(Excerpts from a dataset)
□ □ □ □

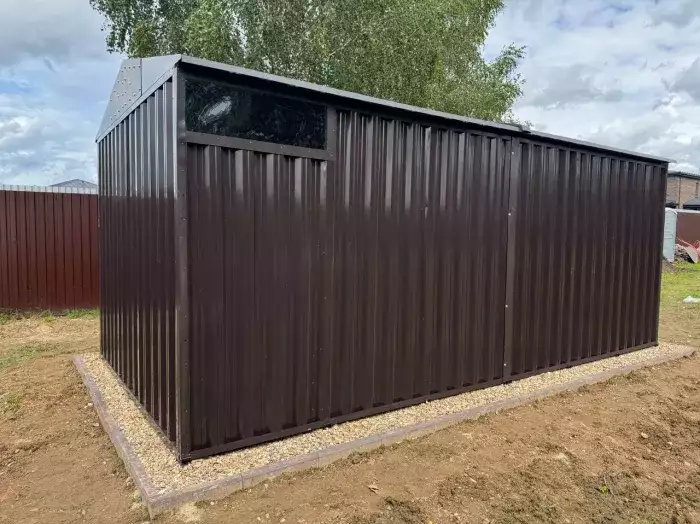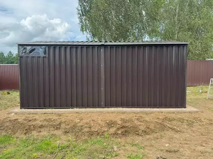 Проект: 5-метровый хозблок для хранения хозяйственных принадлежностей в цинковом цвете.
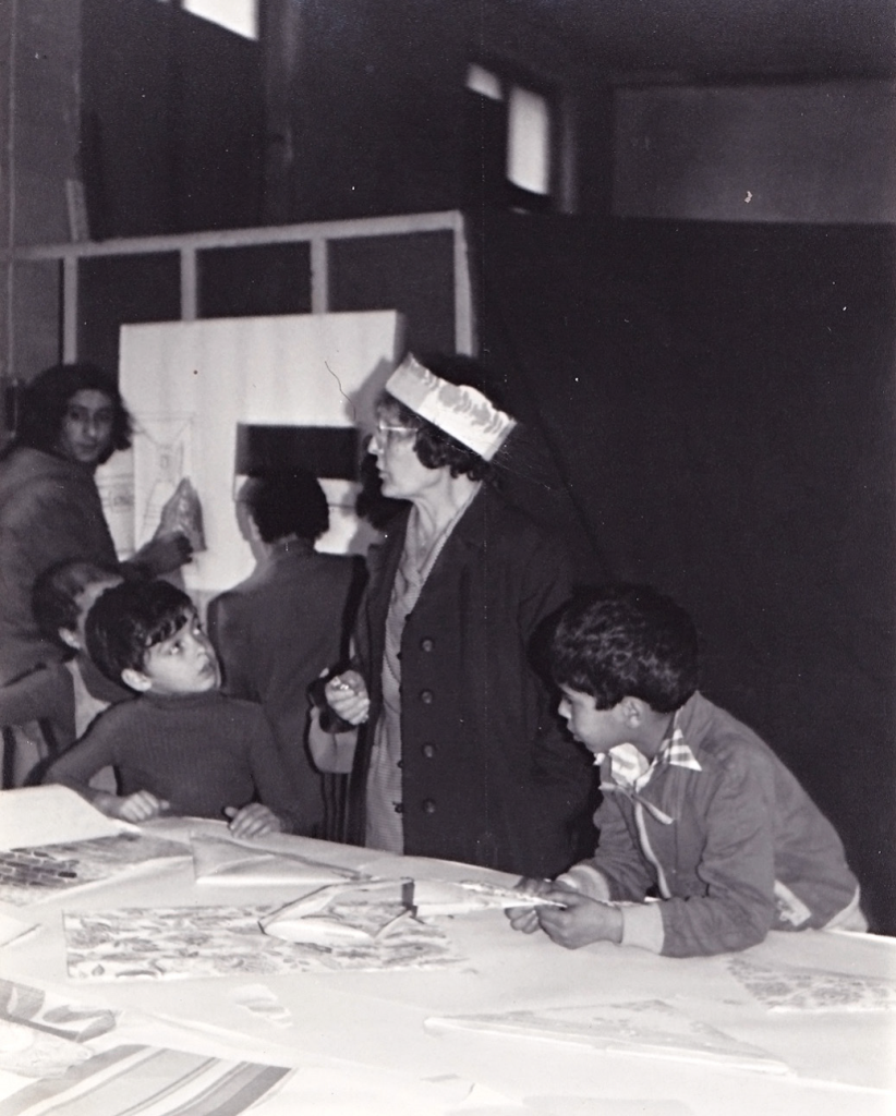 La deuxième journée de rencontre des écoles alternatives en quartier populaire est consacrée à la pédagogie de la libération. Elle se déroule le 15 mai 1977 à la Maison de quartier des Quais au n° 67, rue d’Ophem à Bruxelles, et a comme partenaire le Groupe d’action Bruxelles-sur-Senne. Sont invités les animateurs d’écoles de devoirs, mais également les moniteurs en alphabétisation, les militants des mouvements d’éducation populaire, les enseignants, etc.[5] La veille, le samedi 14 mai dans l’après-midi, une animation « L’École en folie » est réservée aux enfants fréquentant les écoles de devoirs[6]. Les activités proposées sont multiples : des expositions de dessins d’enfants, des ateliers (créer des dessins pour illustrer les mots, inventer des histoires et les mettre en diapositive), les ombres chinoises, des déguisements, la projection de dessins animés, etc. Rosa Collet[7] et Renée Ponette, animatrice bénévole à l’école de devoirs Rasquinet, dans le quartier Josaphat à Schaerbeek, en sont les chevilles ouvrières.
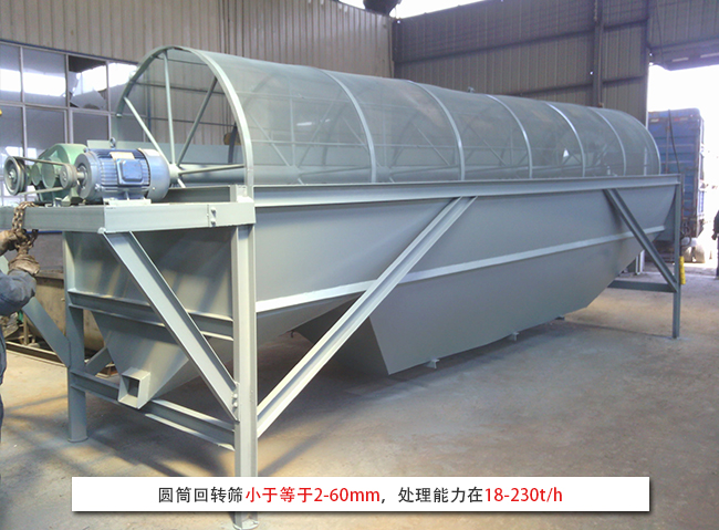 圆筒回转筛小于等于2-60mm,处理能力在18-230t/h
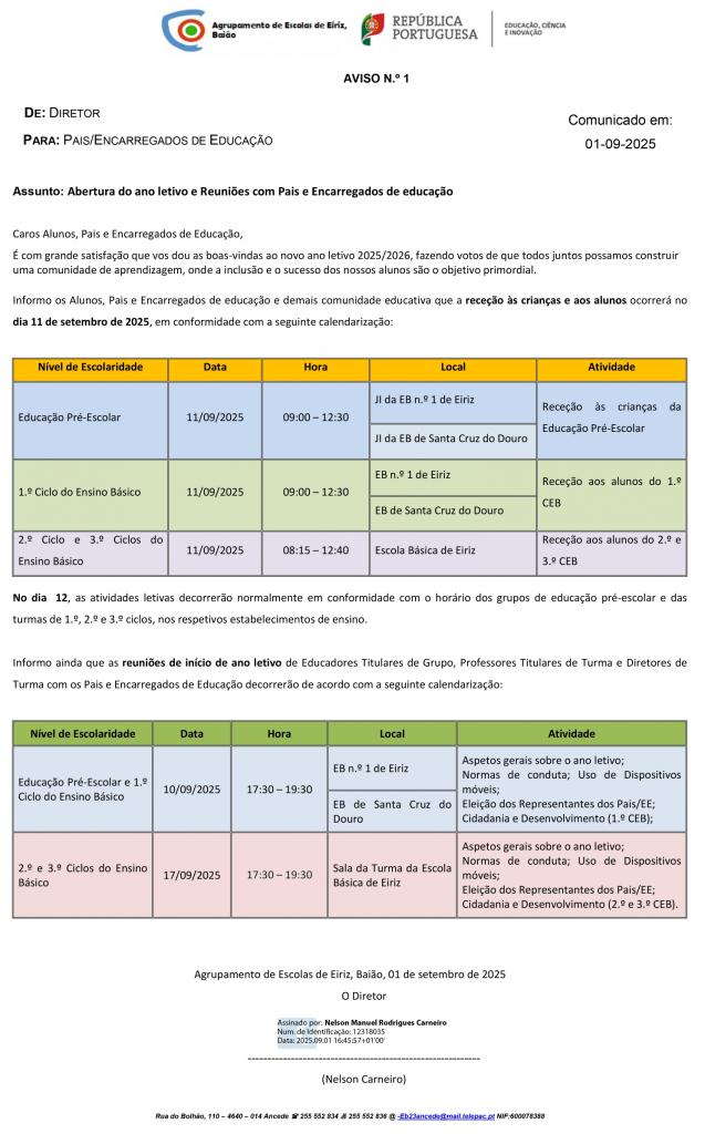 01/09/2025 Abertura do ano letivo e Reuniões com Pais e Encarregados de educação Por escola_help em Avisos
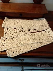 Bordure fatte a mano primi 900. Ogni striscia lunga cm. 180 circa. Un modello composto da n. 2 alte cm.12,5, un altro modello di n. 2 alte cm.25 , n.6 alte cm. 12,50.
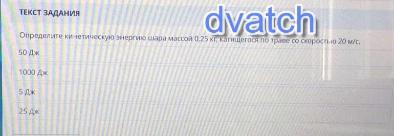Ек = mv²/2 = 0,25 кг × (20 м/с)² / 2 = 50 Дж
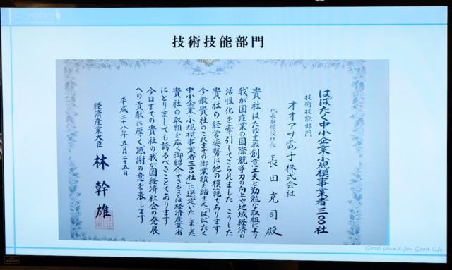 また、オオアサ電子代表取締役社長の長田克司氏は、同社が地域に根付いた活動を行っていると説明した上で、本拠地を置く広島での事業について紹介。光学・液晶事業や環境エネルギー事業などと共に、映像音響事業を行うなかで「会社が低迷の時期にあっても社員を優先し、人が主役のモノ作りを徹底してきた。その取り組みから生まれた繋がりで、製品の開発において様々な協力を得ることができた」と語った。
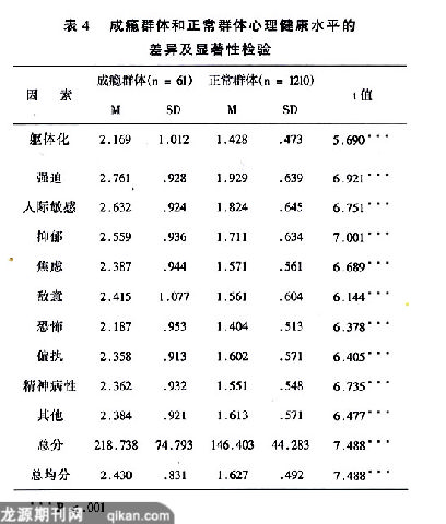 4.1 大学生成瘾群体和正常群体心理健康水平的差异比较
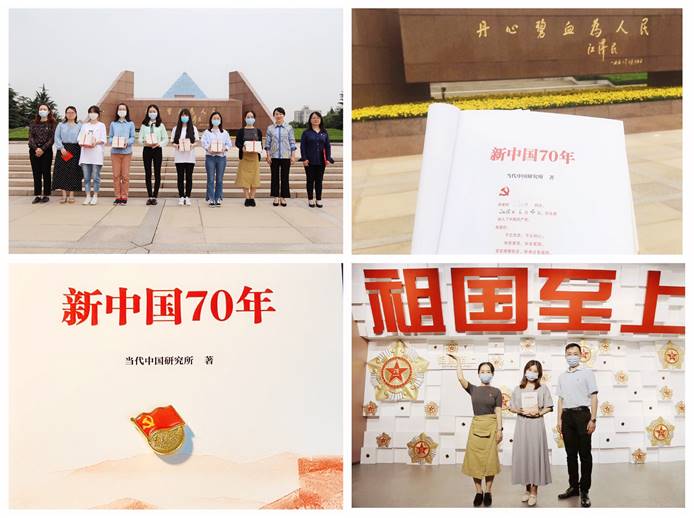 宣誓仪式完毕,出席教师党员向学生党员代表授书。学院党委结合“四史”学习教育精心准备了《新中国70年》一书,扉页上写上了每位党员的政治生日并附以毕业赠言“不忘历史、不忘初心,知史爱党、知史爱国。全心全意为人民服务,为党旗增辉,为师大添彩!”
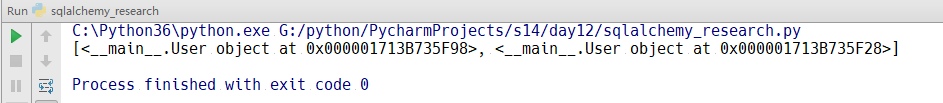插入数据是使用sessionmaker,通过绑定上面创建的连接创建出一个类,生成session实例(相当于之前的cursor),用面向对象的方式创建两条记录,然后添加,最后commit就可以了
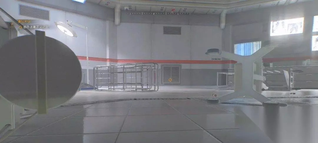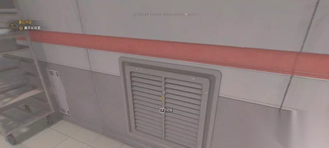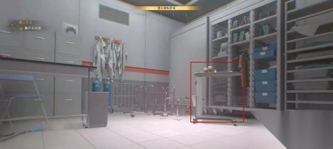 从通风管道出来,我们一直跟着目标点走,爬到这个房间,靠近这个架子可以获得肾上腺素。
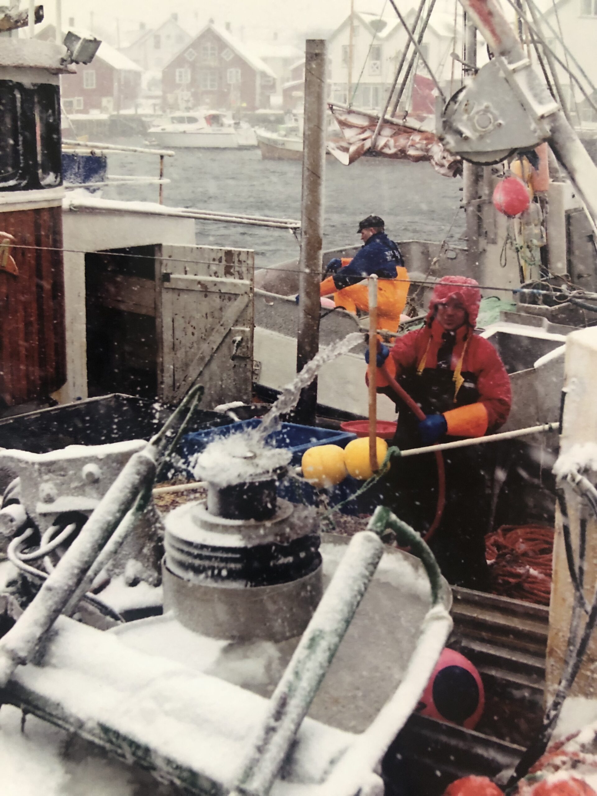 Περπατώντας προσεκτικά πάνω στο χιόνι φτάνουμε στο σημείο που φεύγουν τα αλιευτικά και μαθαίνουμε πως την περίοδο της αλιείας ο πληθυσμός του νησιού σχεδόν τετραπλασιάζεται. Μια σύγχρονη αλιευτική κοινότητα με περίπου 400 σκάφη και πάνω από 1500 ψαράδες που την εποχή αυτή φορούν τα παραδοσιακά τους αδιάβροχα καπέλα, τα sou’wester, μπαίνουν στα σκάφη τους και βγαίνουν στη θάλασσα. Η επαγγελματική αλιεία στα Lofoten είναι μια χειμερινή δραστηριότητα που βρίσκεται στην ακμή της μεταξύ Ιανουαρίου και Απριλίου. Αυτό διότι στην αρχή κάθε χρόνου, ο μπακαλιάρος ηλικίας περίπου πέντε ετών, που αλιεύεται το χειμώνα έξω από τις ακτές της Νορβηγίας (skrei) έρχεται από τη θάλασσα του Μπάρεντς στα φιόρδ για να γεννήσει.

□ □ □ □

Task details: No pictures belong in the answer. It must repeat exactly the lines from the line with "01/09/2025 Abertura do" through the final line of the records.

Solved exercise:
 01/09/2025 Abertura do ano letivo e Reuniões com Pais e Encarregados de educação Por escola_help em Avisos
 Bordure fatte a mano primi 900. Ogni striscia lunga cm. 180 circa. Un modello composto da n. 2 alte cm.12,5, un altro modello di n. 2 alte cm.25 , n.6 alte cm. 12,50.
Ек = mv²/2 = 0,25 кг × (20 м/с)² / 2 = 50 Дж
 また、オオアサ電子代表取締役社長の長田克司氏は、同社が地域に根付いた活動を行っていると説明した上で、本拠地を置く広島での事業について紹介。光学・液晶事業や環境エネルギー事業などと共に、映像音響事業を行うなかで「会社が低迷の時期にあっても社員を優先し、人が主役のモノ作りを徹底してきた。その取り組みから生まれた繋がりで、製品の開発において様々な協力を得ることができた」と語った。
 4.1 大学生成瘾群体和正常群体心理健康水平的差异比较
 宣誓仪式完毕,出席教师党员向学生党员代表授书。学院党委结合“四史”学习教育精心准备了《新中国70年》一书,扉页上写上了每位党员的政治生日并附以毕业赠言“不忘历史、不忘初心,知史爱党、知史爱国。全心全意为人民服务,为党旗增辉,为师大添彩!”
插入数据是使用sessionmaker,通过绑定上面创建的连接创建出一个类,生成session实例(相当于之前的cursor),用面向对象的方式创建两条记录,然后添加,最后commit就可以了
 从通风管道出来,我们一直跟着目标点走,爬到这个房间,靠近这个架子可以获得肾上腺素。
 Περπατώντας προσεκτικά πάνω στο χιόνι φτάνουμε στο σημείο που φεύγουν τα αλιευτικά και μαθαίνουμε πως την περίοδο της αλιείας ο πληθυσμός του νησιού σχεδόν τετραπλασιάζεται. Μια σύγχρονη αλιευτική κοινότητα με περίπου 400 σκάφη και πάνω από 1500 ψαράδες που την εποχή αυτή φορούν τα παραδοσιακά τους αδιάβροχα καπέλα, τα sou’wester, μπαίνουν στα σκάφη τους και βγαίνουν στη θάλασσα. Η επαγγελματική αλιεία στα Lofoten είναι μια χειμερινή δραστηριότητα που βρίσκεται στην ακμή της μεταξύ Ιανουαρίου και Απριλίου. Αυτό διότι στην αρχή κάθε χρόνου, ο μπακαλιάρος ηλικίας περίπου πέντε ετών, που αλιεύεται το χειμώνα έξω από τις ακτές της Νορβηγίας (skrei) έρχεται από τη θάλασσα του Μπάρεντς στα φιόρδ για να γεννήσει.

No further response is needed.